Just as early mariners used simple compasses to chart courses across the sea, today’s ships, planes, satellites, and smartphones can rely on Earth’s magnetic field to find their bearings. The difference is that today’s rather more sophisticated compasses have the aid of complex models, like the commonly used World Magnetic Model (WMM), that try to capture the multifaceted processes that create Earth’s magnetosphere. A compass can rely on the WMM or similar models to convert a needle pointing to magnetic north to a heading with respect to true north. (The two norths differ by ever-changing angles.)
These models are not perfect: There are differences between the magnetosphere that they predict and the magnetosphere that satellites observe. Scientists have traditionally ascribed these differences to space currents that flow through the magnetic field high in Earth’s upper atmosphere. But new research complicates the picture, suggesting that the differences are the result of observational biases, incomplete models, or both.
For craft that require sensitive navigation, particularly around Earth’s poles, any of these complications pose a problem. And those problems stand to grow as polar ice melts around the North Pole, opening up potential new shipping routes.
Earth’s magnetic field is multifaceted and complex, but models like the WMM can project it out a few years at a time. The WMM’s current edition, released in December 2019, contains estimates of Earth’s magnetic field from the start of 2020 to the end of 2024. (The next version, covering 2025 through 2029, is scheduled for release in December this year.)
“Compasses need to account for space currents already, but this adds more complication and sources of noise that have to be dealt with.” —Mark Moldwin, University of Michigan
These models do not always account for space currents, which are often pushed around by extraterrestrial forces like the solar wind. But if space currents are responsible for the discrepancies between models and observations, scientists could identify them by simply finding the differences, which they call “residuals.” Moreover, there would then be little reason for one of Earth’s hemispheres to display more residuals than the other—except that’s what existing models predict.
But the new study’s authors, space physicists Yining Shi and Mark Moldwin from the University of Michigan, had been amongst a number of researchers who had spotted an imbalance in residuals. More residuals seemed to emerge from the magnetic woodwork, so to speak, in the southern hemisphere than in the northern hemisphere. “We wanted to take a closer look at them,” Moldwin said.
Shi and Moldwin compared estimates between 2014 and 2020 from another Earth magnetic field model, IGRF-13, with observations from the European Space Agency’s Swarm mission, a trio of satellites that have continually measured Earth’s magnetic field since their 2014 launch.
When they focused on residuals over that time period, they did indeed find about 12 percent more major residuals in the southern hemisphere than in the north. All of these large residuals were found in the polar regions. Many were concentrated at latitudes of 70 degrees north and south, where scientists expect to find space currents.
But another spate of residuals were concentrated closer to Earth’s geographic poles, about 80 degrees north and south, where they have no obvious geophysical explanation.
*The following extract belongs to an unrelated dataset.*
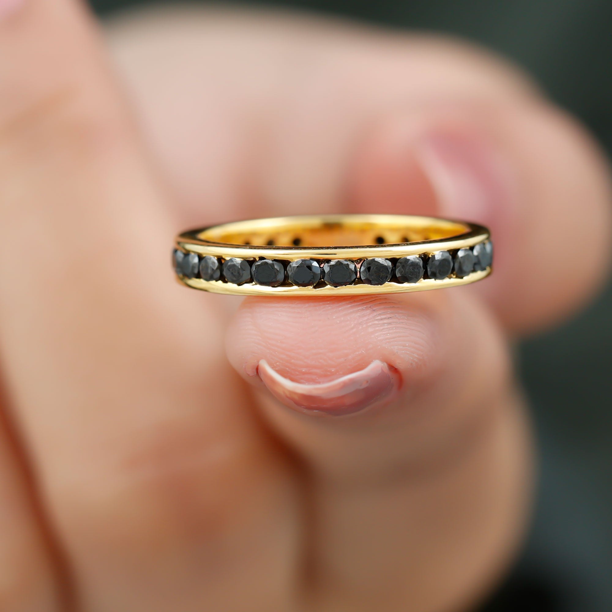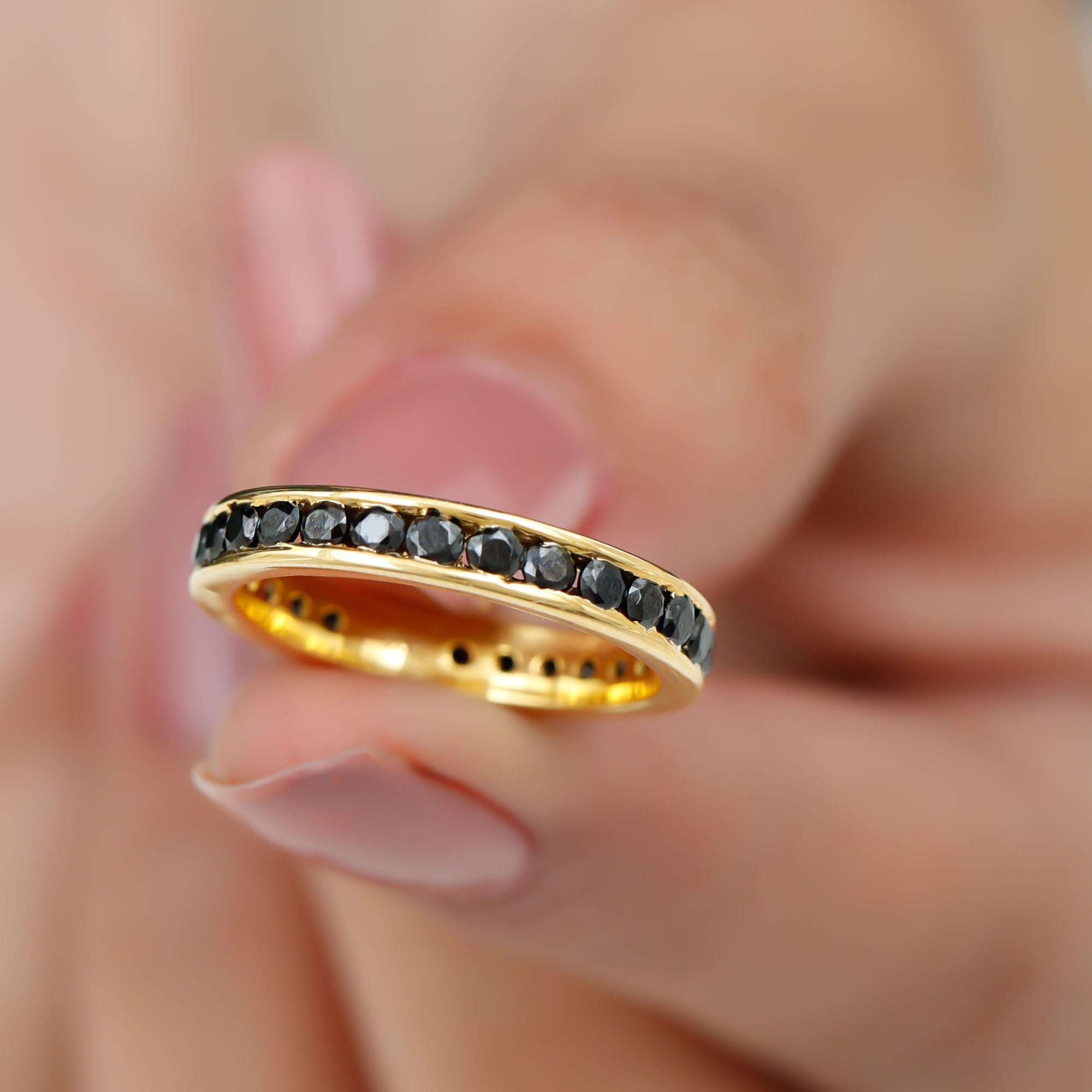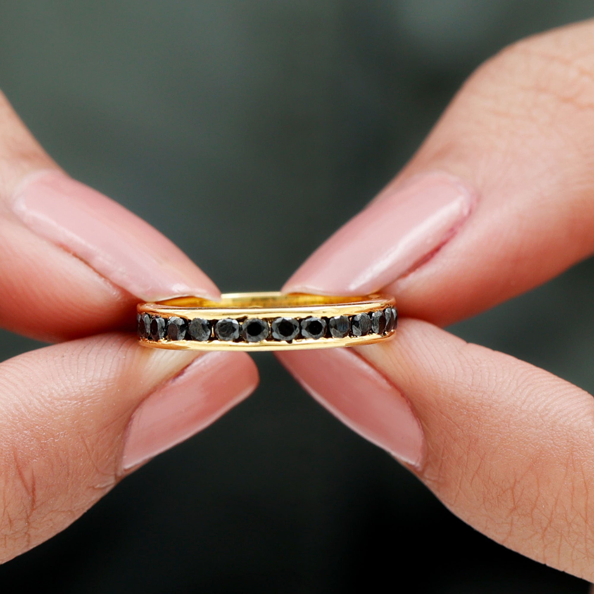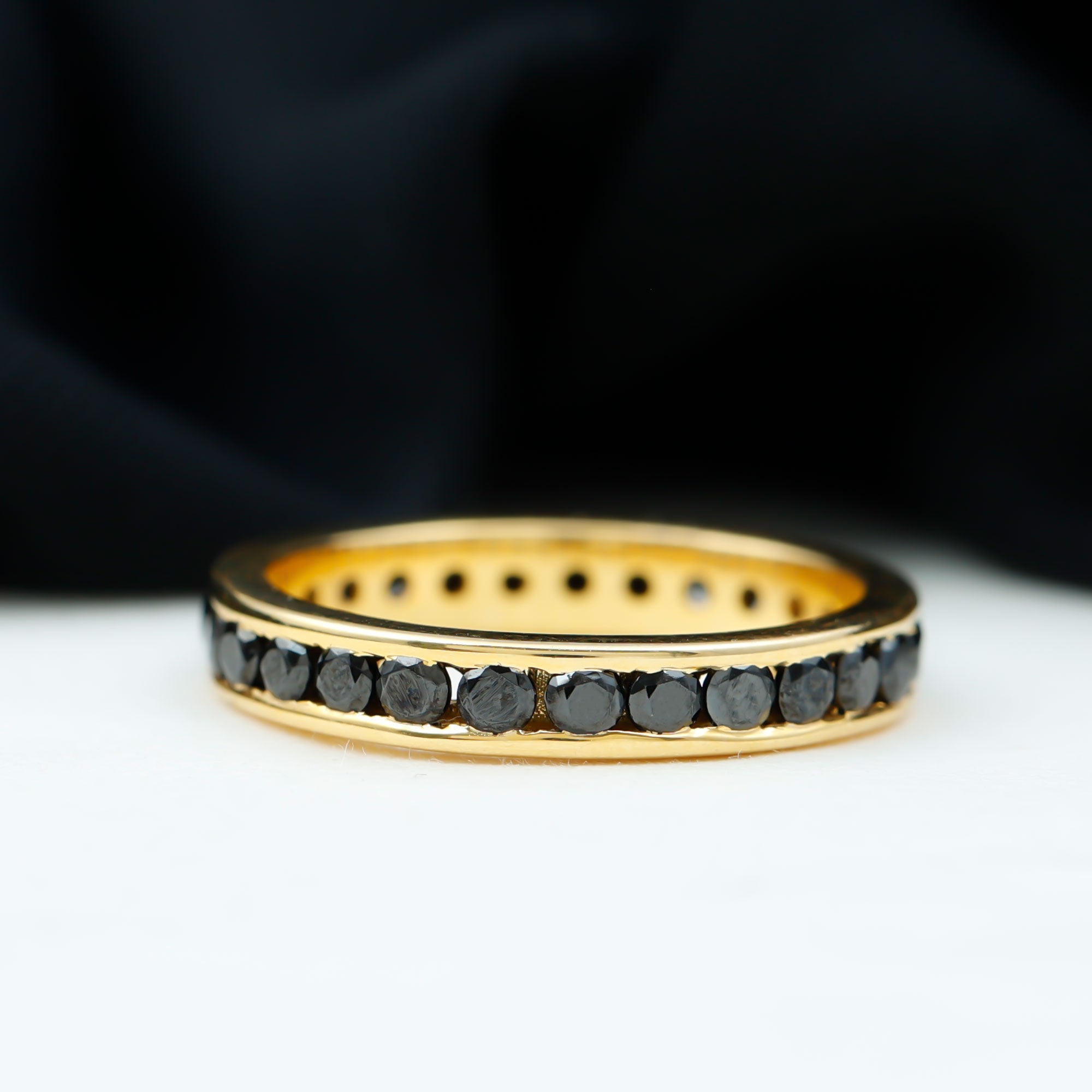 We know you want to flaunt the party, Grab this Admiring Eternity Ring To dazzle up your finger with Gemstone Rings we bring this Channel Set Black Spinel and Gold Eternity Ring, that will set your fashion style high in the sky. This Gemstone Ring is a cherry on the cake with your party outfit or family brunch.

Moreover, the distributions of these poles differed—matching the fact that Earth’s geographic poles map to different magnetic coordinates.
This second peak in particular led the researchers to consider alternative explanations. It is possible, for instance, that IGRF-13 simply does not capture all of the factors driving Earth’s magnetosphere around the poles. But another cause could be the satellites themselves. Shi and Moldwin say that, because Swarm satellites reside in orbits that cross the poles, Earth’s northern and southern polar regions are overrepresented in their magnetic measurements.
“Compasses need to account for space currents already, but this adds more complication and sources of noise that have to be dealt with,” Moldwin said.
Now, Shi is examining these residuals more closely to pick apart the causes of the residuals—which ones have actual geophysical explanations and which are the result of statistical errors.
Shi and Moldwin published their work on 6 May in Journal of Geophysical Research: Space Physics.